Social Network Analysis for Women’s Soccer
Social Network Analysis for Men’s Soccer

Discussion

Contrary to previous research, findings showed no significant differences in gender regarding team bridging or team bonding social capital scores. Females, however, had higher campus bridging social capital than males.  This contradicts some of the gender differences that were discussed in previous literature. The finding that female athletes have more weak ties in a university setting may be a reflection of other recent research into social capital among student athletes, which showed female college athletes tending to have more ties, higher quality ties, greater investment in their ties, and more positive school affiliation (Clopton, 2012).

One of the major benefits of weak ties and bridging social capital comes in the form of information about new jobs and opportunities. Discovering a difference between the average bridging social capital benefits that male and female athletes receive as part of UT Dallas suggests that male athletes may have more limited exposure to information about new opportunities or ideas than female athletes. Since many collegiate athletes anticipate better job prospects as one benefit of college athletics, further research into how best to leverage bridging social capital benefits for the men’s teams might be in order. Based off of the finding that transitivity scores are positively related to average UT Dallas bridging social capital, increasing male athletes’ feelings of connectedness to their teammates could be a solution. However, since results showed no significant difference between male and female teams’ transitivity scores, this may not be the full root of the gender difference in bridging UT Dallas social capital. Perhaps men are making the same number of weak ties on campus, but are failing to maintain them after the class or project that initiated that tie ends.

In entering higher education, emerging adults are encouraged to socialize, make friends, and particularly to join student organizations on campus in order to maximize bridging and bonding social capital and the expansion of their social networks. The positive relationship recorded in this study between transitivity and campus social capital supports this practice. While only athletic teams were investigated here, it stands to reason that this result might play out for other types of clubs and groups on campus as well. Involvement in a school-affiliated group, especially a sports team that promotes a high level of school pride or a group that is deeply embedded into campus life, may mean that an individual is more likely to gain more connections on campus and thus, increase their bridging and bonding social capital.

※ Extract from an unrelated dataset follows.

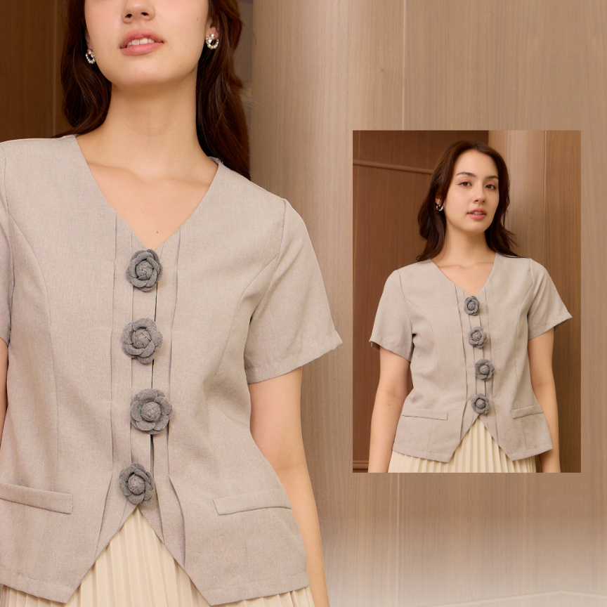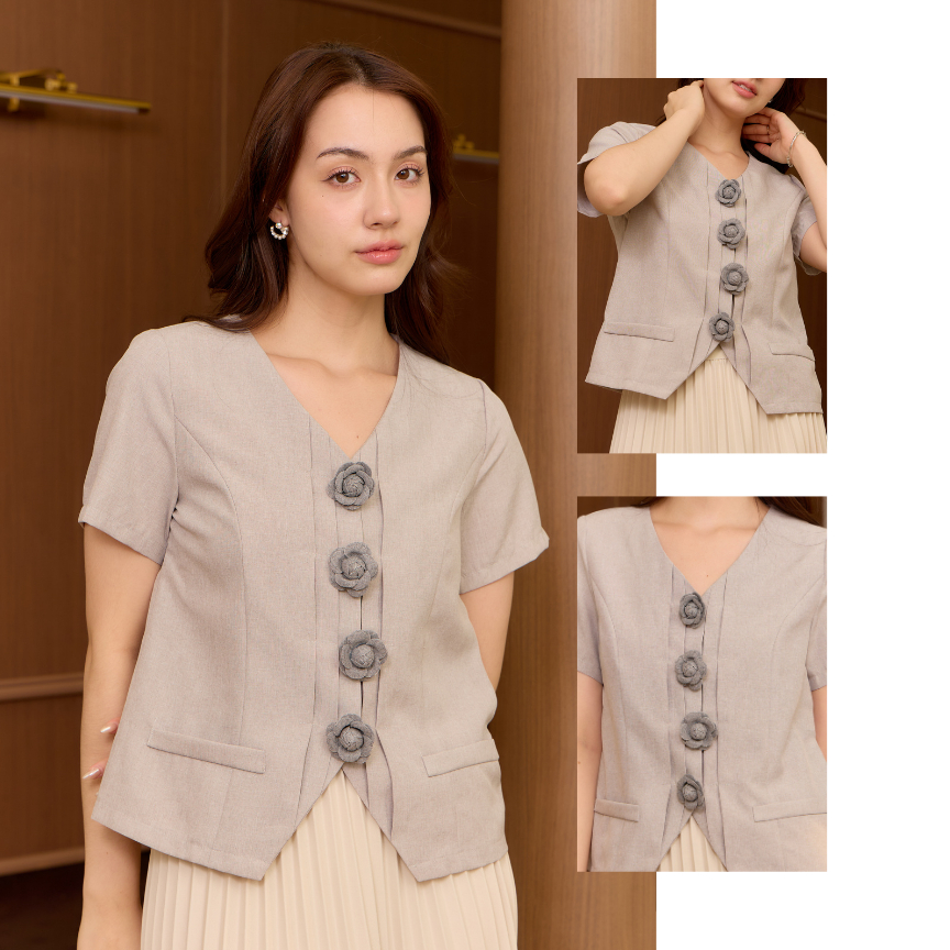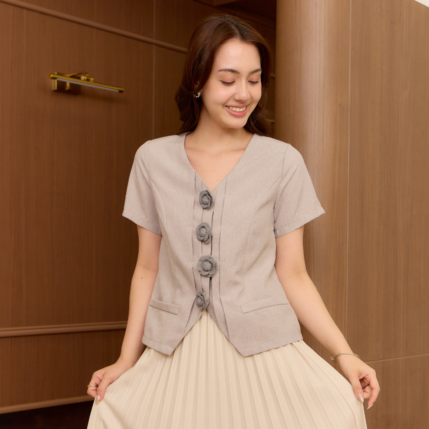 Glucoat | [U998] เสื้อแขนสั้นสีเทา แต่งกระเป๋า 2 ข้าง พร้อมกระดุมแป๊กเข็มกรัดดอกใช้งานได้จริง

Further research to determine whether or not student athletes have more or less UT Dallas based social capital than the rest of the student body would allow for a deeper understanding of the true social benefits of playing a college sport. Also, now that this study has established a relationship between transitivity and social capital, additional research into the link between social cohesion and these factors could provide insight regarding ways to improve team performance.


References

Clopton, A. W. (2012). Social Capital Gender, and the Student Athlete. Group Dynamics: Theory, Research, and Practice, 16(4), 272-288. DOI: 10.1037/a0028376.

Ellison, N. B., Lampe, C., Steinfield, C., & Vitak, J. (2011). With A Little Help From My Friends: How Social Network Sites Affect Social Capital Processes. In A Networked Self, edited by Z. Papacharissi, 124-145. New York: Routledge.

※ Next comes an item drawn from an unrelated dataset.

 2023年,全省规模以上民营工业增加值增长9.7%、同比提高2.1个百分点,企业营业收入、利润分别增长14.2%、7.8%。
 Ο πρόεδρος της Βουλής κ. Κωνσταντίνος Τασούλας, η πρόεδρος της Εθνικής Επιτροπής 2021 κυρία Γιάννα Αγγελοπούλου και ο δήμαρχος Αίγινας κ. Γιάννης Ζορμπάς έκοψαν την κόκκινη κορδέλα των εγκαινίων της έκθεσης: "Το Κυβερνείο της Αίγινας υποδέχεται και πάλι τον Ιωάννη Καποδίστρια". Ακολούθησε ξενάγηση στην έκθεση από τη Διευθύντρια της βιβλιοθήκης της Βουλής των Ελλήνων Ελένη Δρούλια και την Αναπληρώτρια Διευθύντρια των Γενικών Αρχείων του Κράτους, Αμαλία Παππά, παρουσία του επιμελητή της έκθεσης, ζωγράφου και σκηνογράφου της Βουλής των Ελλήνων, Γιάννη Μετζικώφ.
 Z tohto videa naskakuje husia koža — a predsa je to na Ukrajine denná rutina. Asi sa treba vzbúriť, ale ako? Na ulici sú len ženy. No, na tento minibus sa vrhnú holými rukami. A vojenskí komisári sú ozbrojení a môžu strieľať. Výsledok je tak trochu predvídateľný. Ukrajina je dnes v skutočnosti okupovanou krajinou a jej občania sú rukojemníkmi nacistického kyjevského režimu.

Granovetter, M. S. (1973). The strength of weak ties. American Journal of Sociology, 1360-1380. DOI: 10.1086/225469.

Jowett, S., & Chaundy, V. (2004). An Investigation Into the Impact of Coach Leadership and Coach-Athlete Relationship on Group Cohesion. Group Dynamics: Theory, Research, and Practice, 8(4), 302. DOI: 10.1037/1089-2699.8.4.302.

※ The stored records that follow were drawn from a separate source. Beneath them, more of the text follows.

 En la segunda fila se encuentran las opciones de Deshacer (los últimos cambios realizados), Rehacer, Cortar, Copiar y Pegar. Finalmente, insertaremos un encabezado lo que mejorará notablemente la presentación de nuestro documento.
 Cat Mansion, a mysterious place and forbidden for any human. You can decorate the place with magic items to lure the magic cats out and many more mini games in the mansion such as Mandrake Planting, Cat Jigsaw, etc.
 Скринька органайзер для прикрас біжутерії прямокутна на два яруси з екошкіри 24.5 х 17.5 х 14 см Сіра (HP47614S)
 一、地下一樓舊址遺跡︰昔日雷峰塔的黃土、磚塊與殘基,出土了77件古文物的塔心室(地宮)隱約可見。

Stark, S. (2011). “College athletes suffer the greatest injustice from NCAA.” USA Today College, August 28. Accessed October 7, 2011. http://college.usatoday.com/2011/08/28/college-athletes-suffer-the-greatest-injustice-from-ncaa/

Van Emmerik, I. J. H. (2006). Gender differences in the creation of different types of social capital: A multilevel study. Social Networks, 28, 24-37. DOI: 10.1016/j.socnet.2005.04.002.